Numerical simulations, design, and full fabrication of the fuel tank

For the Illini Motorsports Formula SAE team I designed and fabricated our aluminum fuel tank. There were several constraints and considerations which guided the design. First and foremost, was driver safety. The fuel tank had to be packaged in such a way that any malfunction could not put the driver at risk. Additional packaging constraints required that the fuel tank had to compactly fit in it’s assigned area. In addition, serviceability was a key consideration in that the fuel tank needed to be easily accessed in the event of failures such as fuel pressure drops.

Beyond high-level qualitative measurements, fuel tank design also required consideration of the effects of fuel slosh and the weight of the tank. A thin aluminum sheet was selected to reduce weight while still ensuring the tank could be made without leaks.

Fuel slosh has the potential to cause dynamic fuel starvation issues and impact vehicle dynamics. To reduce fuel slosh internal baffling was used. To determine an effective baffling design I set up computational fluid dynamics situations which used inertial loads recorded during real racing events and observed the fuel slosh caused during different baffle designs.
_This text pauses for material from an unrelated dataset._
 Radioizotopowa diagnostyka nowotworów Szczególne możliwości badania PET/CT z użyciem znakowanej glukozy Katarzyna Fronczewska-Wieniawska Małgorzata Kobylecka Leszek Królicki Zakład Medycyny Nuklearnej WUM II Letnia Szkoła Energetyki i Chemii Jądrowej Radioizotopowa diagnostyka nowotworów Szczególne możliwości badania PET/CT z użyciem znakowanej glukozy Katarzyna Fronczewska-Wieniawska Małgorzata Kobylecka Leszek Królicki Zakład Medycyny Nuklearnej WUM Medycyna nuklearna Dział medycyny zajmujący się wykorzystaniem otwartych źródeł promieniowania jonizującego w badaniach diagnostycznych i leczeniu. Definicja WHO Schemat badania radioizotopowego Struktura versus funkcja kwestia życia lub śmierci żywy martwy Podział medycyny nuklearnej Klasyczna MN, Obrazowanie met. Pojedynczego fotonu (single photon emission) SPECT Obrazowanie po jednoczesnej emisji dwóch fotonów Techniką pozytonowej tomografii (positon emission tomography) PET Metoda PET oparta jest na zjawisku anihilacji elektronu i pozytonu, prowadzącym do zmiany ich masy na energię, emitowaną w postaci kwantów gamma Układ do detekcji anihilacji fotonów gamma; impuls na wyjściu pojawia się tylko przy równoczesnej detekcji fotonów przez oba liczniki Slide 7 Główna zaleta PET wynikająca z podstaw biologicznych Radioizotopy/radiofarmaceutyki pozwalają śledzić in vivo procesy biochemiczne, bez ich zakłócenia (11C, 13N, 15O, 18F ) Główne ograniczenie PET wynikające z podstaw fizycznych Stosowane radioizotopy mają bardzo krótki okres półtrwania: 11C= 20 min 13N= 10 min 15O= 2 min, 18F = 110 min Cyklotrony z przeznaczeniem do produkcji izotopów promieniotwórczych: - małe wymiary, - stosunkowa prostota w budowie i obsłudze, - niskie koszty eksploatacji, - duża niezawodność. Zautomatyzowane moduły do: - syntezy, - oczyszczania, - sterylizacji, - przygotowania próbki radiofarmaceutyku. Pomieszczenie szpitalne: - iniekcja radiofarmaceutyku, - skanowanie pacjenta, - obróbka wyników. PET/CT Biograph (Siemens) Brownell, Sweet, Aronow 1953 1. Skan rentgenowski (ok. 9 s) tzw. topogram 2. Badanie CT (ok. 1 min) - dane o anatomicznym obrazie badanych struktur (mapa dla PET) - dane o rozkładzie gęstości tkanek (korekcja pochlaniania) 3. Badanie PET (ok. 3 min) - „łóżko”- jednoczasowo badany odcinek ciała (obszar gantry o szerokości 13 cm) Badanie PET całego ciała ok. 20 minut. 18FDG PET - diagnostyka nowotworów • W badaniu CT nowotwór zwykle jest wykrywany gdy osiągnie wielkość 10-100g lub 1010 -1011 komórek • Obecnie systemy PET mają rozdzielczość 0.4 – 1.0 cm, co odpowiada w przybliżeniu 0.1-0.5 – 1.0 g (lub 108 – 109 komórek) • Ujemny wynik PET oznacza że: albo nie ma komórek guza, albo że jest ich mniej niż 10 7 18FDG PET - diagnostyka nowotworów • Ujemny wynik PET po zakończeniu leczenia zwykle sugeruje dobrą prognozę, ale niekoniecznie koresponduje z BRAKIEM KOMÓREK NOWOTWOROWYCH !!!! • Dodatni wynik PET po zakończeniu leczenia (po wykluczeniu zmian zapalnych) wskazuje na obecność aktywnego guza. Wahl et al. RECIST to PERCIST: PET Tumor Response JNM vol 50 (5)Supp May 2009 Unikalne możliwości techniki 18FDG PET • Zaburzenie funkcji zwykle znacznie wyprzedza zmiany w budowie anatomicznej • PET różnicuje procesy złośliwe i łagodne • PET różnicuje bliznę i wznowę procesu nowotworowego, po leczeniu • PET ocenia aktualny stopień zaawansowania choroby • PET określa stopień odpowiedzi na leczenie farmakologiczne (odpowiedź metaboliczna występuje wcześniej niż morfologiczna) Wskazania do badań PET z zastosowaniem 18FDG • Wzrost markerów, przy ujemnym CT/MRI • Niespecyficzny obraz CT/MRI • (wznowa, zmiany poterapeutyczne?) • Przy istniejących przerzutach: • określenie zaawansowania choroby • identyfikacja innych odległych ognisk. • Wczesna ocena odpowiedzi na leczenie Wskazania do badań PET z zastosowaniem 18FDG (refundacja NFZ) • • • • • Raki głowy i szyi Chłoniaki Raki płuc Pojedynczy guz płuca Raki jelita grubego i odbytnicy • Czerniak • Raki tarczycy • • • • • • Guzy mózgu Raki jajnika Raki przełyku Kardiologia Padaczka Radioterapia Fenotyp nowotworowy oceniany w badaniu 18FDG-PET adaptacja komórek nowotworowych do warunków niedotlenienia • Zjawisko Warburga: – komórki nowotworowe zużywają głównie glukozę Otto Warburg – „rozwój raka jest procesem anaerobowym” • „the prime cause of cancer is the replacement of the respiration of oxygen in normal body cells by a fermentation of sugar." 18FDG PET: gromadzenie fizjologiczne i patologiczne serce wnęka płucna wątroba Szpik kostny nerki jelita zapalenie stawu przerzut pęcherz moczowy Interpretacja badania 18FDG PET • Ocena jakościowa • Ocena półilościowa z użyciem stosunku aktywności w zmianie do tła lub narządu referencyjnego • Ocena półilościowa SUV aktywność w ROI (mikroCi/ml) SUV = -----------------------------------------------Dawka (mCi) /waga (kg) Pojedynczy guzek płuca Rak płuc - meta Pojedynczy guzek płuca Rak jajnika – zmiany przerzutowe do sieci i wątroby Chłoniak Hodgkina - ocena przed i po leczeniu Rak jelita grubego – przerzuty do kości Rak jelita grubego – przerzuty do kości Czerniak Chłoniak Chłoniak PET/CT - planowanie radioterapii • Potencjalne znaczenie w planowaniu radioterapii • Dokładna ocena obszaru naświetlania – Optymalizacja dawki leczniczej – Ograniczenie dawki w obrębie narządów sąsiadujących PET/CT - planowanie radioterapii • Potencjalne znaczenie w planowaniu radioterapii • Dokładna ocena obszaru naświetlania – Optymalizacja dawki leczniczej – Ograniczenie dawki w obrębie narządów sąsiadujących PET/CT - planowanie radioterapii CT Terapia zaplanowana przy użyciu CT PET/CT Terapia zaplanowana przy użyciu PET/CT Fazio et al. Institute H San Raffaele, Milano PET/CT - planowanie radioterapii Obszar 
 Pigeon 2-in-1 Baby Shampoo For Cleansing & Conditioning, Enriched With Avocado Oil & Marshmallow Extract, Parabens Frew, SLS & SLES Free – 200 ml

The effects of baffling could be measured by the amount of time that fuel was present at the designed outlet and the net kinetic energy of the fuel.

With both the internal and external geometries designed, I made the fabrication drawings, waterjet all of the sheet parts, hand-bent all sheet metal into it’s final shape, profiled the tubes for the filler neck of the tank, and welded the entire assembly. The fuel tank was then leak-tested under pressure to ensure that it would be safe under operating conditions.

Panel Testing

The finished fuel tank assembled into the car.

In retrospect, I cared a little too much about making it lightweight and used overly thin aluminum - I think it was 18 gauge. Since the tank needed to be fully leak-free, the thin aluminum stock resulted in a much longer welding time than was maybe worth it for the relative weight savings. Time may have been better spent focusing on other components, performing testing, or helping move the car towards being test-ready on other components.